» **Data under study**:

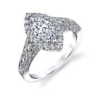 These marquise halo engagement rings showcase a distinctive marquise-shaped center diamond, known for its elongated form and pointed ends, gracefully surrounded by a halo of smaller diamonds. The halo of smaller diamonds surrounding the center stone enhances its brilliance, creating a mesmerizing play of light and adding a touch of timeless glamor to the ring. Sylvie’s marquise halo engagement rings are expertly crafted to showcase the utmost quality and craftsmanship. Each ring is designed with a perfect balance of traditional elegance and contemporary flair. Whether you choose a halo marquise engagement ring with a classic solitaire shank or opt for a marquise cut halo engagement ring with diamond-accented bands, Sylvie offers a range of options to suit your personal style.
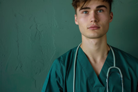 A young man in a green scrubs is wearing a stethoscope. He is looking at the camera with a serious expression
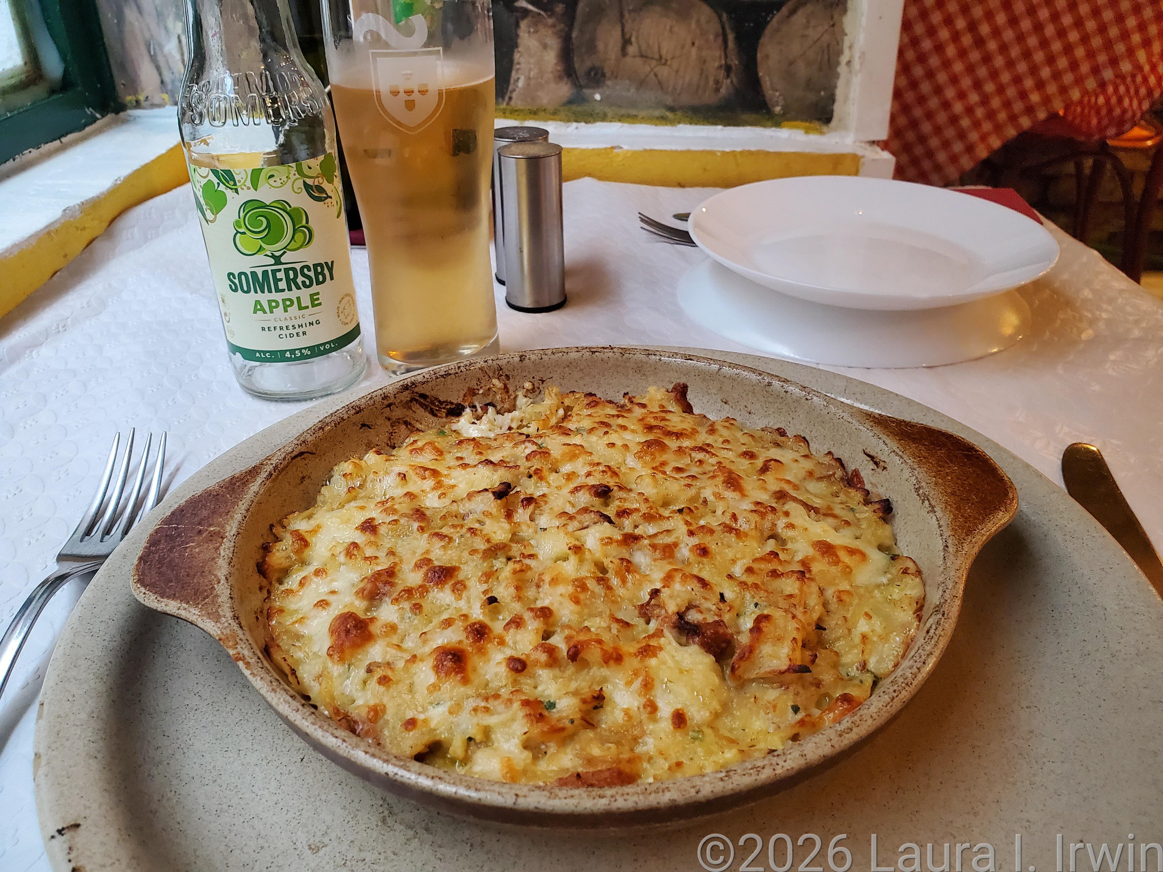By the time I was done with my short visit, my legs were getting tired and I was ready to rest. Sufficiently refreshed after a couple of hours in my room editing pictures, I was off to find dinner. I headed up into the hillside of Bairro Alto where I know there are many small restaurants. I looked at some menus and decided on A Tasca do Bairro Alto. I took a step outside of my comfort zone and ordered bacalhau com natas, a baked casserole of shredded cod, onions, potatoes, cream, and cheese. It was very, very rich. I only ate part of it, but I’m glad I tried it. For dessert, I had the caramel mousse, which was described to me as a custard made with egg yolks and condensed milk. It, too, was very rich, so I’m thankful it was also very small. Somersby cider seems to be the go-to cider in Lisbon so I had a bottle of that as well. Lisbon is a very affordable city. My meal tonight was only €23, or about $27 US dollars. And like much of Europe, tipping isn’t really a thing that’s done here.
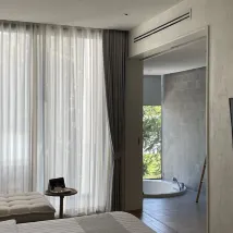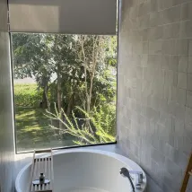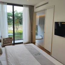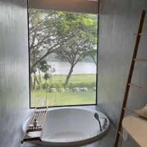 Das Bett ist bequem. Das Badezimmer verfügt über eine Badewanne mit Blick auf den Fluss Kok im Freien.
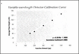 图2所示为试样从150pg到250pg范围内可变波长检测器的较正曲线。在试样浓度100pg时,其响应值是测不到的。较正曲线相关较正系数为0.9965。图3所示为同样样品浓度范围内UV6000LP的校正曲线。因为UV6000LP有较高的灵敏度,所以在样品浓度为100pg时有响应值。曲线在此点有响应值,并不影响相关系数,相关因子仍增到0.9992--这说明UV6000LP在低含量的精度有显著的改进。图4从另一角度来说明UV6000LP的特性。将两种检测器在不同浓度下的RSD值作图。可变波长检测器在150pg浓度时,RSD约为85%左右,这对检测工作无太大的意义。只有浓度提高到250pg,检测器的值才呈现出常数。然而,对于UV6000LP,在150pg即有响应值了。 此例说明了由于UV6000LP采用"光导管"技术,从而在低样品含量检测时,大大改进其数据的定量精度。表2总结了在不同水平的%RSD数据。
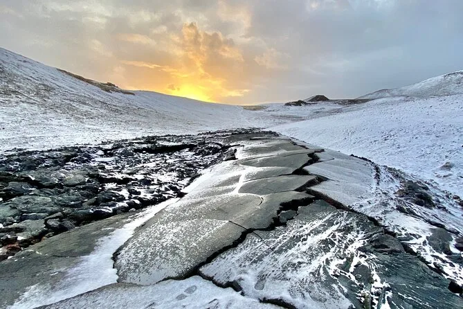 Randonnée volcanique près de Reykjavik et baignade au Blue Lagoon avec guide
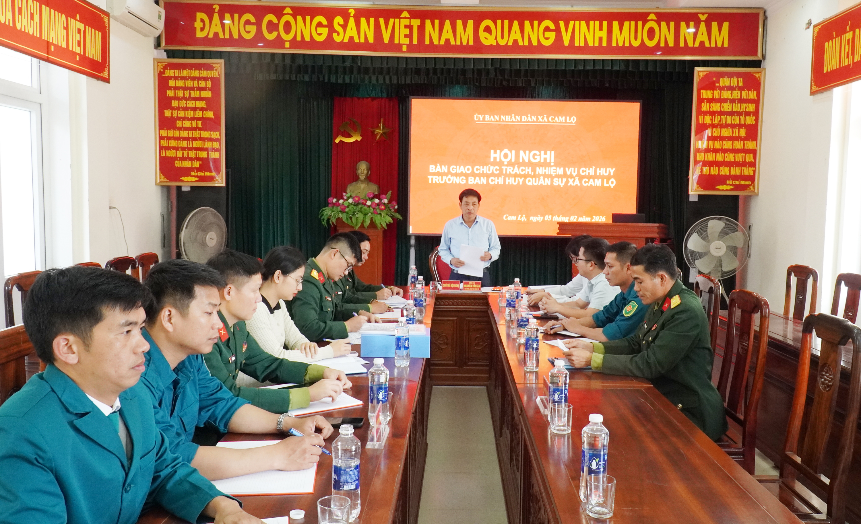 Chiều ngày 5/2/2026, UBND xã Cam Lộ tổ chức Hội nghị bàn giao chức trách, nhiệm vụ Chỉ huy trưởng Ban Chỉ huy quân sự xã Cam Lộ. Đồng chí Nguyễn Văn Ân, Phó Bí thư Đảng ủy, Chủ tịch UBND xã chủ trì hội nghị. Tham dự hội nghị có đồng chí Nguyễn Thị Hoàng Oanh, Phó Bí thư Thường trực Đảng ủy xã, cùng đại diện các phòng, ban, đoàn thể liên quan và Ban Chỉ huy quân sự xã.
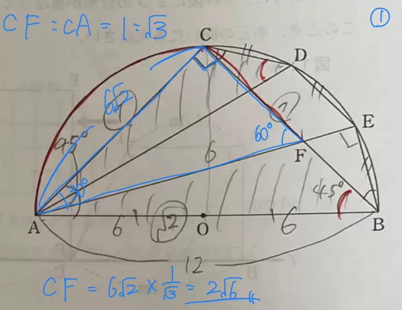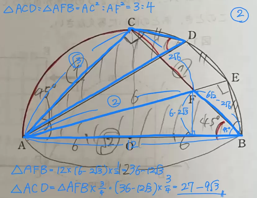 (2) AB=12cm, ∠CAB=45° とするとき, 次の問いに答えなさい。
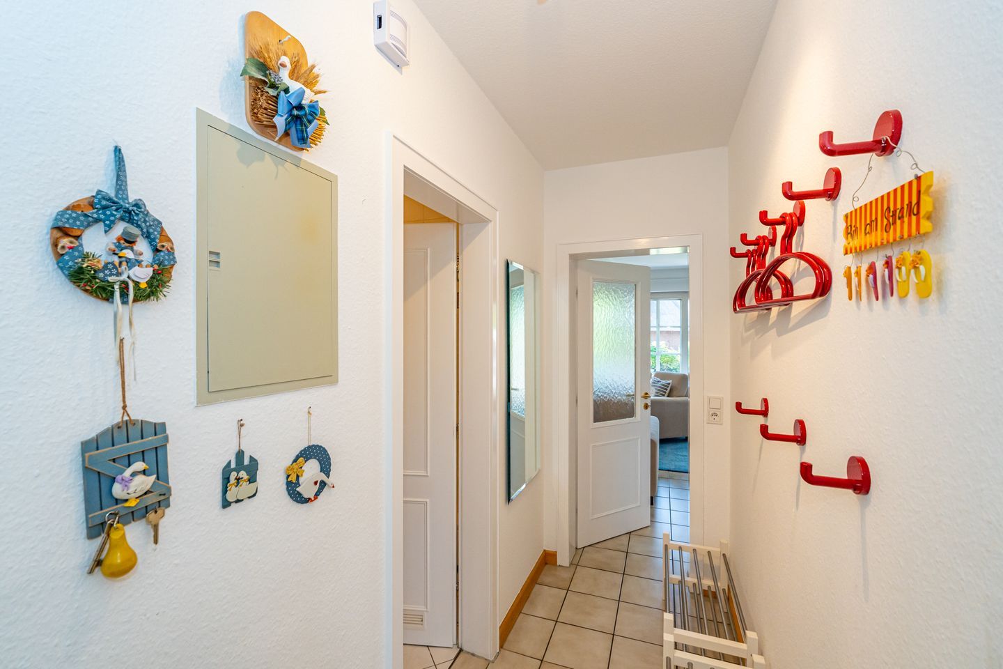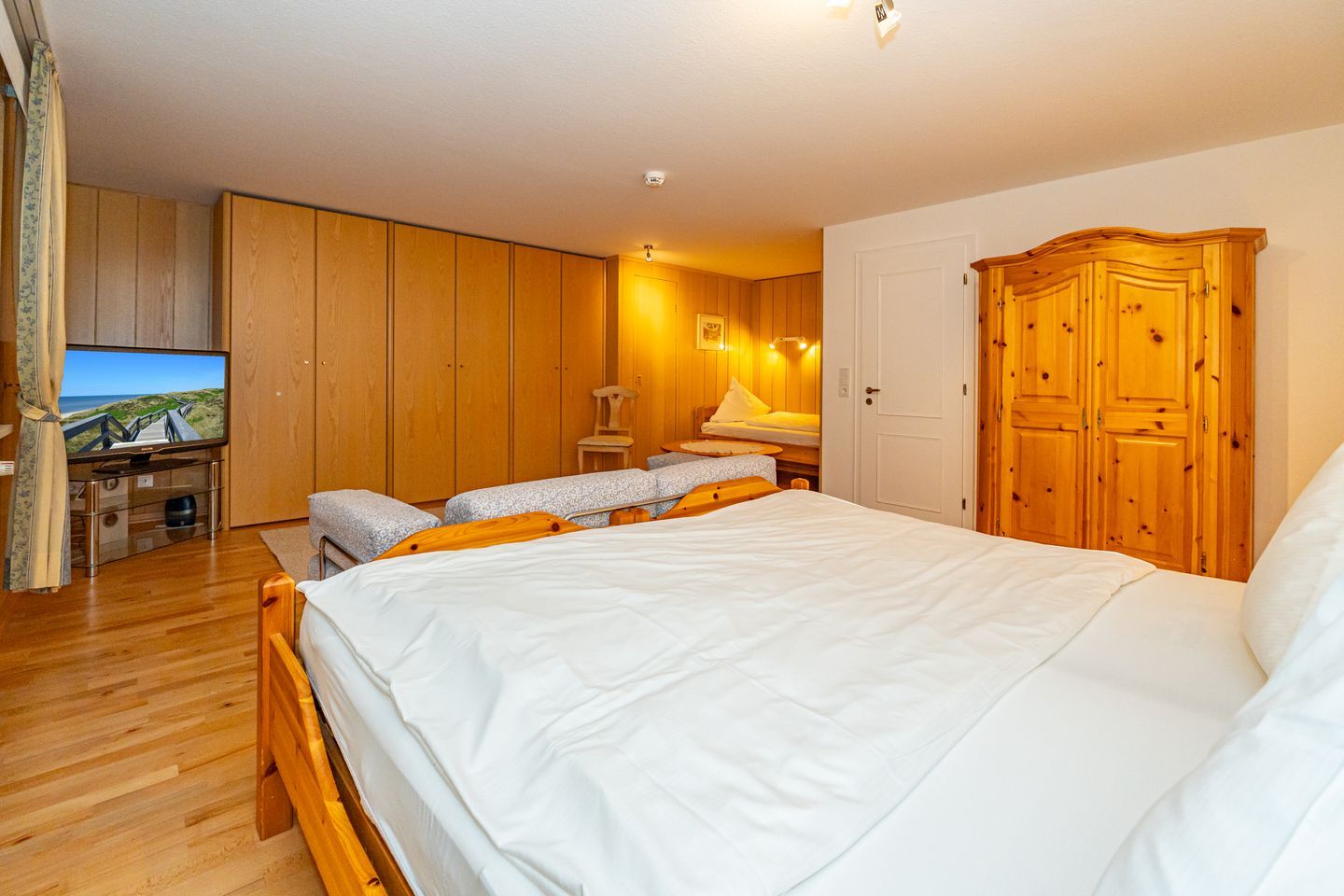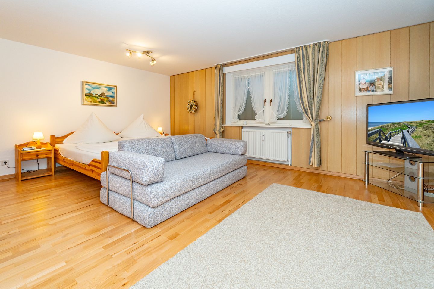 Die Ferienwohnung Rüm hart erstreckt sich über zwei Etagen auf 110qm. Der offene, einladende Wohnbereich ist mit einer Sofaecke, einem Essbereich und einem TV ausgestattet. Von hier aus haben Sie Zutritt zur Terrasse mit Gartenmöbeln (saisonal). Die geschlossene Küche lässt keine Wünsche offen. Sie ist ausgestattet mit einem Ceranherd, Backofen, Kühlschrank mit Gefrierfach, Geschirrspüler, Kaffeefiltermaschine, Wasserkocher, Toaster einen Esstisch. Ebenfalls im Erdgeschoss befindet sich ein Badezimmer mit WC, Waschbecken und Badewanne. Über eine Treppe gelangen Sie ins Souterrain wo sich zwei Schlafzimmer befinden. Das eine Schlafzimmer verfügt über 3 Schlafplätze (1 Doppelbett und 1 Einzelbett), TV und Kleiderschrank und das andere Schlafzimmer verfügt über 2 Schlafplätze (1 Doppelbett) und Kleiderschrank. Auf dieser Ebene befindet sich ein Badezimmer mit WC, Waschbecken und Dusche. Für längere Aufenthalte oder bei Bedarf nutzen Sie die gemeinschaftlich zugängliche Waschmaschine und den Trockner. Zu der Wohnung gehört ein PKW-Stellplatz.

» **Problem details**: Set down the material again exactly. Don't carry over any pictures.

» **Answer to this exercise**:
 These marquise halo engagement rings showcase a distinctive marquise-shaped center diamond, known for its elongated form and pointed ends, gracefully surrounded by a halo of smaller diamonds. The halo of smaller diamonds surrounding the center stone enhances its brilliance, creating a mesmerizing play of light and adding a touch of timeless glamor to the ring. Sylvie’s marquise halo engagement rings are expertly crafted to showcase the utmost quality and craftsmanship. Each ring is designed with a perfect balance of traditional elegance and contemporary flair. Whether you choose a halo marquise engagement ring with a classic solitaire shank or opt for a marquise cut halo engagement ring with diamond-accented bands, Sylvie offers a range of options to suit your personal style.
 A young man in a green scrubs is wearing a stethoscope. He is looking at the camera with a serious expression
By the time I was done with my short visit, my legs were getting tired and I was ready to rest. Sufficiently refreshed after a couple of hours in my room editing pictures, I was off to find dinner. I headed up into the hillside of Bairro Alto where I know there are many small restaurants. I looked at some menus and decided on A Tasca do Bairro Alto. I took a step outside of my comfort zone and ordered bacalhau com natas, a baked casserole of shredded cod, onions, potatoes, cream, and cheese. It was very, very rich. I only ate part of it, but I’m glad I tried it. For dessert, I had the caramel mousse, which was described to me as a custard made with egg yolks and condensed milk. It, too, was very rich, so I’m thankful it was also very small. Somersby cider seems to be the go-to cider in Lisbon so I had a bottle of that as well. Lisbon is a very affordable city. My meal tonight was only €23, or about $27 US dollars. And like much of Europe, tipping isn’t really a thing that’s done here.
 Das Bett ist bequem. Das Badezimmer verfügt über eine Badewanne mit Blick auf den Fluss Kok im Freien.
 图2所示为试样从150pg到250pg范围内可变波长检测器的较正曲线。在试样浓度100pg时,其响应值是测不到的。较正曲线相关较正系数为0.9965。图3所示为同样样品浓度范围内UV6000LP的校正曲线。因为UV6000LP有较高的灵敏度,所以在样品浓度为100pg时有响应值。曲线在此点有响应值,并不影响相关系数,相关因子仍增到0.9992--这说明UV6000LP在低含量的精度有显著的改进。图4从另一角度来说明UV6000LP的特性。将两种检测器在不同浓度下的RSD值作图。可变波长检测器在150pg浓度时,RSD约为85%左右,这对检测工作无太大的意义。只有浓度提高到250pg,检测器的值才呈现出常数。然而,对于UV6000LP,在150pg即有响应值了。 此例说明了由于UV6000LP采用"光导管"技术,从而在低样品含量检测时,大大改进其数据的定量精度。表2总结了在不同水平的%RSD数据。
 Randonnée volcanique près de Reykjavik et baignade au Blue Lagoon avec guide
 Chiều ngày 5/2/2026, UBND xã Cam Lộ tổ chức Hội nghị bàn giao chức trách, nhiệm vụ Chỉ huy trưởng Ban Chỉ huy quân sự xã Cam Lộ. Đồng chí Nguyễn Văn Ân, Phó Bí thư Đảng ủy, Chủ tịch UBND xã chủ trì hội nghị. Tham dự hội nghị có đồng chí Nguyễn Thị Hoàng Oanh, Phó Bí thư Thường trực Đảng ủy xã, cùng đại diện các phòng, ban, đoàn thể liên quan và Ban Chỉ huy quân sự xã.
 (2) AB=12cm, ∠CAB=45° とするとき, 次の問いに答えなさい。
 Die Ferienwohnung Rüm hart erstreckt sich über zwei Etagen auf 110qm. Der offene, einladende Wohnbereich ist mit einer Sofaecke, einem Essbereich und einem TV ausgestattet. Von hier aus haben Sie Zutritt zur Terrasse mit Gartenmöbeln (saisonal). Die geschlossene Küche lässt keine Wünsche offen. Sie ist ausgestattet mit einem Ceranherd, Backofen, Kühlschrank mit Gefrierfach, Geschirrspüler, Kaffeefiltermaschine, Wasserkocher, Toaster einen Esstisch. Ebenfalls im Erdgeschoss befindet sich ein Badezimmer mit WC, Waschbecken und Badewanne. Über eine Treppe gelangen Sie ins Souterrain wo sich zwei Schlafzimmer befinden. Das eine Schlafzimmer verfügt über 3 Schlafplätze (1 Doppelbett und 1 Einzelbett), TV und Kleiderschrank und das andere Schlafzimmer verfügt über 2 Schlafplätze (1 Doppelbett) und Kleiderschrank. Auf dieser Ebene befindet sich ein Badezimmer mit WC, Waschbecken und Dusche. Für längere Aufenthalte oder bei Bedarf nutzen Sie die gemeinschaftlich zugängliche Waschmaschine und den Trockner. Zu der Wohnung gehört ein PKW-Stellplatz.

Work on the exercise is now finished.